Task objective:
Leaving out all pictures, give again each line exactly, from the start of the listing through the line that contains "Crochet scarves with".

Input data:
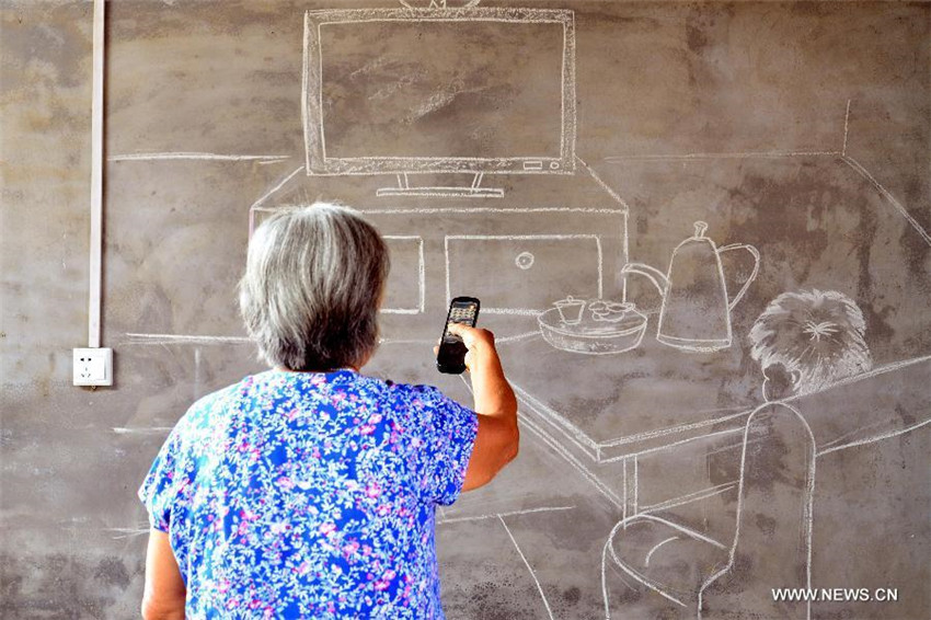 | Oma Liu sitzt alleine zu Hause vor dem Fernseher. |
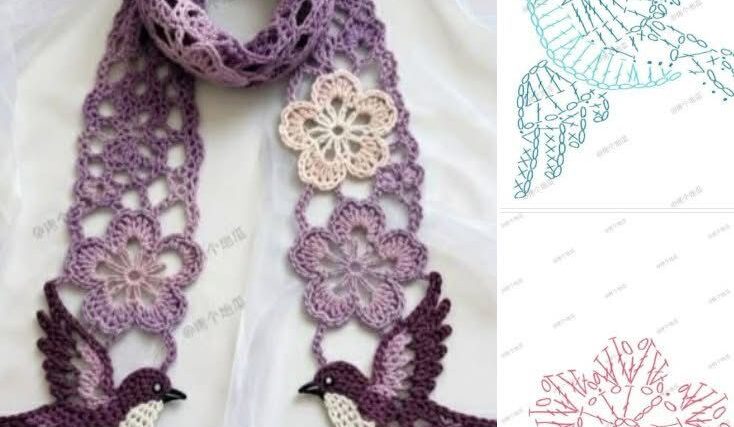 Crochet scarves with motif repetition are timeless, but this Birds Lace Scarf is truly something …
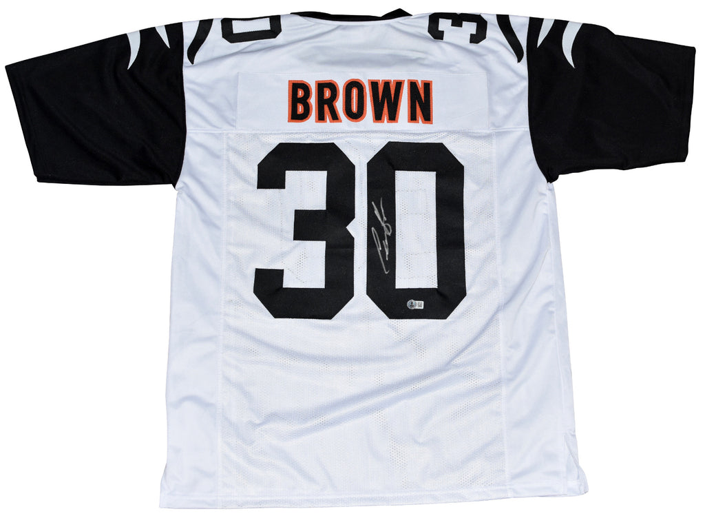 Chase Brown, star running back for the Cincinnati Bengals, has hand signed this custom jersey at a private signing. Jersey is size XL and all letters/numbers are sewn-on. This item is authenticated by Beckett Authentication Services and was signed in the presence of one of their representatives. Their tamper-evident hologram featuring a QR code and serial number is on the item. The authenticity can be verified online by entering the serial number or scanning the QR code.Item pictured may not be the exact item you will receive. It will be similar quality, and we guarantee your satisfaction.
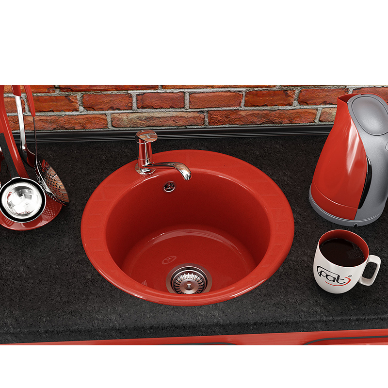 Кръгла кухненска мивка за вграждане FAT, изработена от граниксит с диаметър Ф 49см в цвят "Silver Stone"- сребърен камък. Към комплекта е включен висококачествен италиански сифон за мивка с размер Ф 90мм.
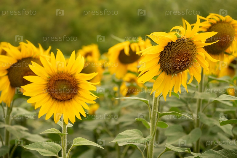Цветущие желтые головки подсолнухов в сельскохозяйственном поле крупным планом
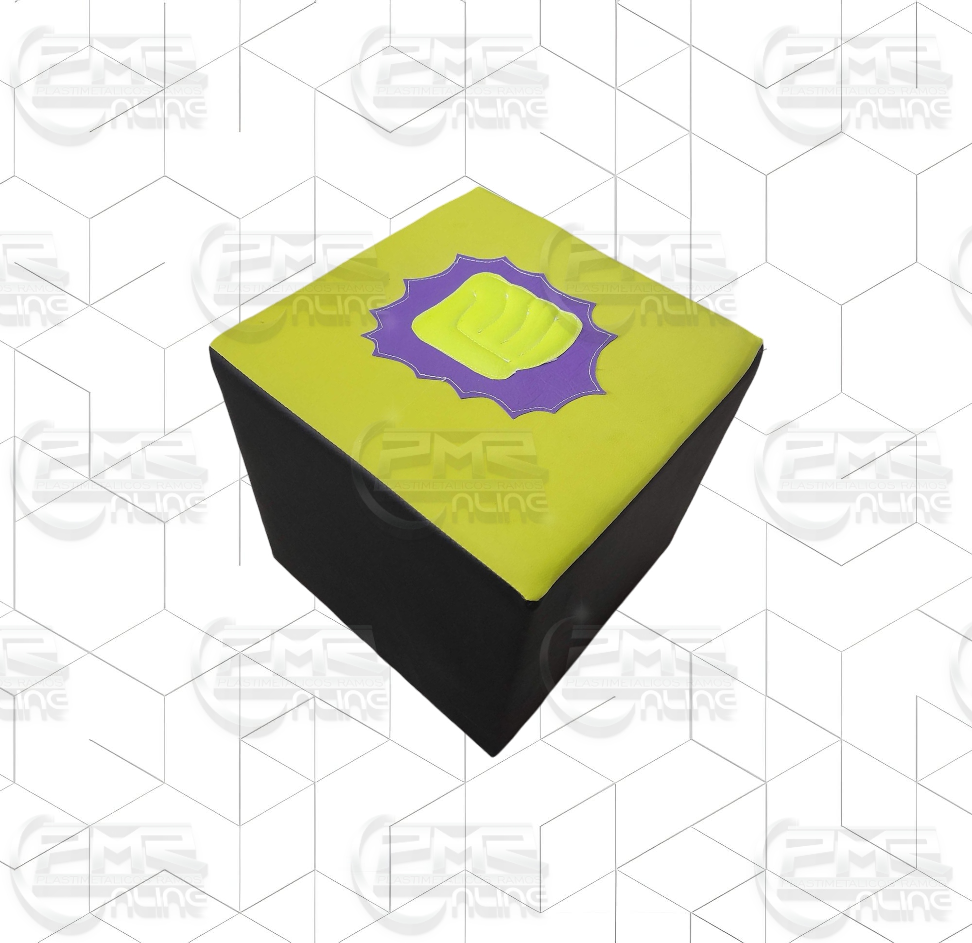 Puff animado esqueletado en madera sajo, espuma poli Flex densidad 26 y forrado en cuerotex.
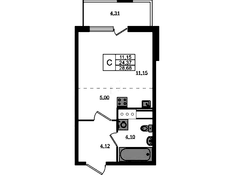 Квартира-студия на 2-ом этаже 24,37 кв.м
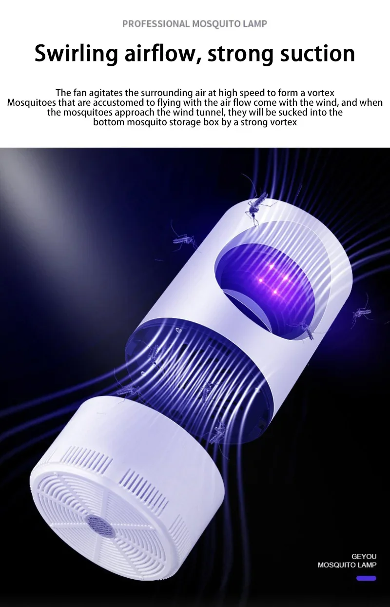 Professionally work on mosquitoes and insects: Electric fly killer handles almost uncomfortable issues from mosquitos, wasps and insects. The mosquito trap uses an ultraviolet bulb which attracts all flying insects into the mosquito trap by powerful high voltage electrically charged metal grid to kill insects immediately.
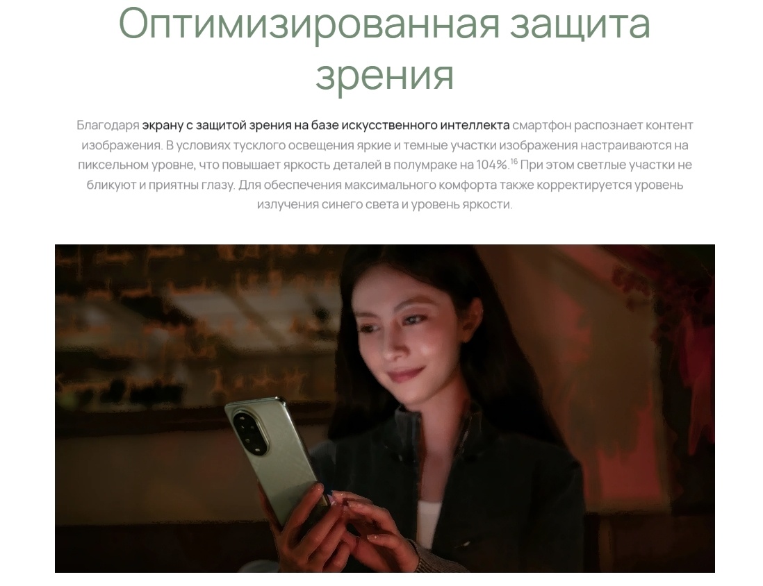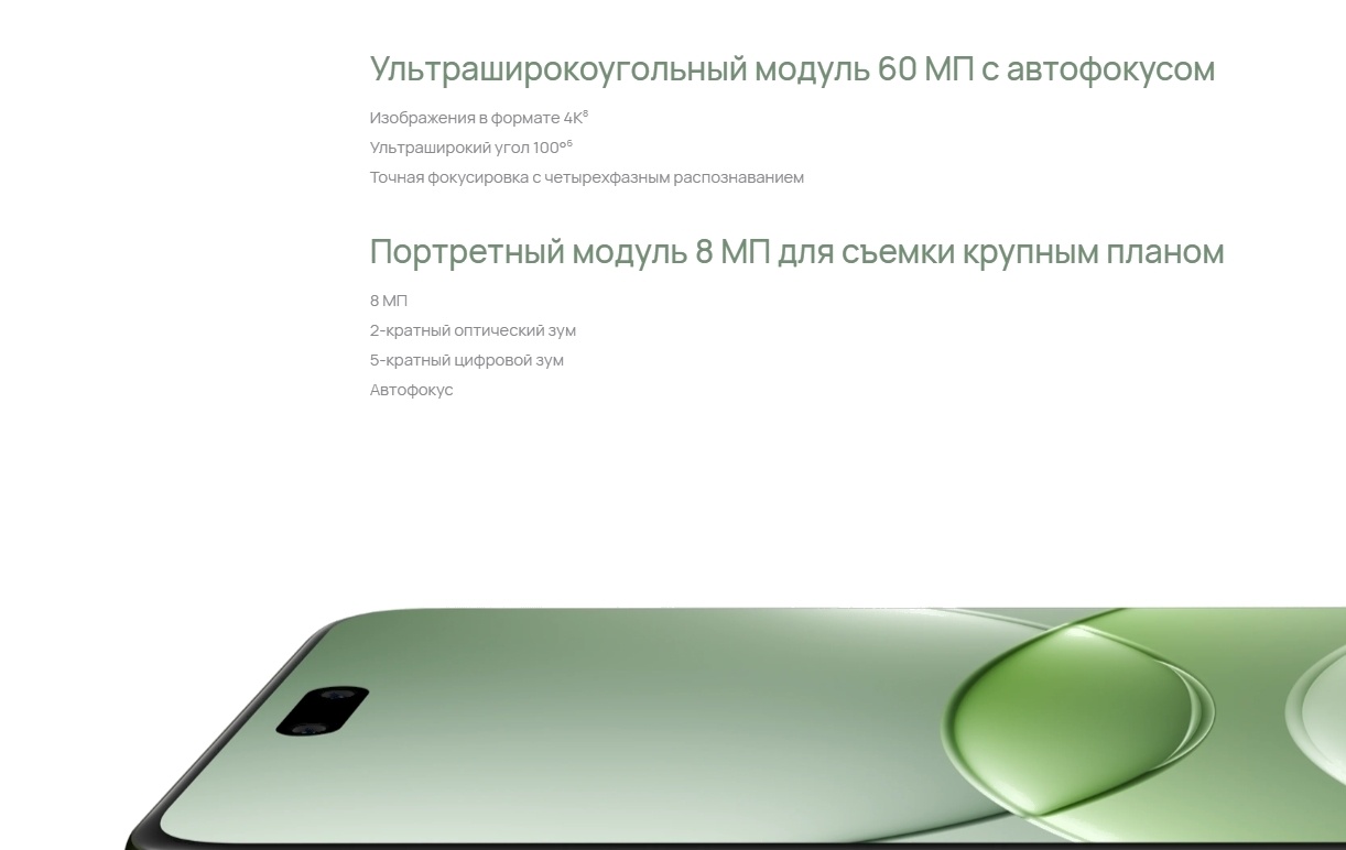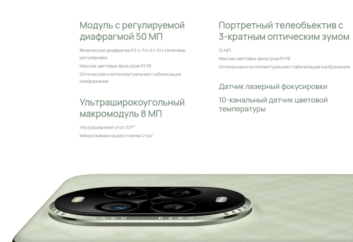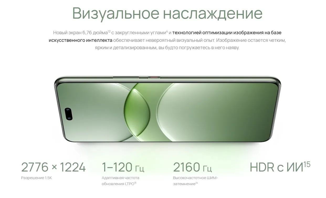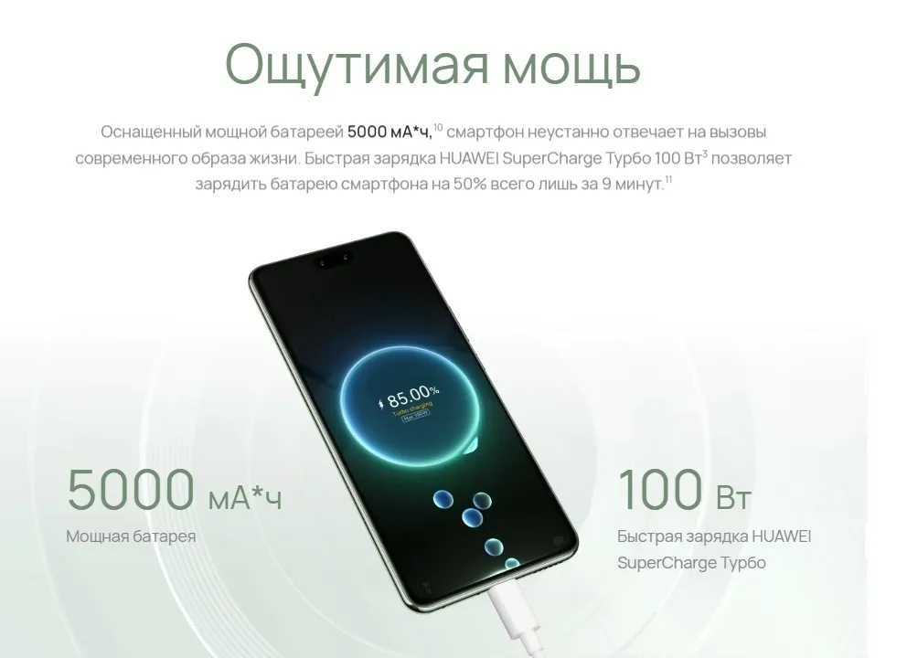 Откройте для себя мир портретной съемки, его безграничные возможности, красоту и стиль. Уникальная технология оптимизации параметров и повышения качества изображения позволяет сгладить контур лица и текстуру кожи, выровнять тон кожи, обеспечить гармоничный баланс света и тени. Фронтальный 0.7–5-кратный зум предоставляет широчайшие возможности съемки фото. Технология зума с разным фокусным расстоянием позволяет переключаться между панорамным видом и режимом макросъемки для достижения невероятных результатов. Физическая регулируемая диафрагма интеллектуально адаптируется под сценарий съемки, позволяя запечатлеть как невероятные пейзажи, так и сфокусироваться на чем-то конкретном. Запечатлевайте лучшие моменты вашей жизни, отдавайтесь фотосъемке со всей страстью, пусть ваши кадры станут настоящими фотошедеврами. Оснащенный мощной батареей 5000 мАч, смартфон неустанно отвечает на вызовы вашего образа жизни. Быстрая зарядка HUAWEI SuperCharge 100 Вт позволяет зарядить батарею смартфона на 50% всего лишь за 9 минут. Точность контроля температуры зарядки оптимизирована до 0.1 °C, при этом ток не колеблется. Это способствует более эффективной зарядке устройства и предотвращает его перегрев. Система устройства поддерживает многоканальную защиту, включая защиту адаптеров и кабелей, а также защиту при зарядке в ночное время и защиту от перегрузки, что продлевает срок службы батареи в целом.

Answer space:
 | Oma Liu sitzt alleine zu Hause vor dem Fernseher. |
 Crochet scarves with motif repetition are timeless, but this Birds Lace Scarf is truly something …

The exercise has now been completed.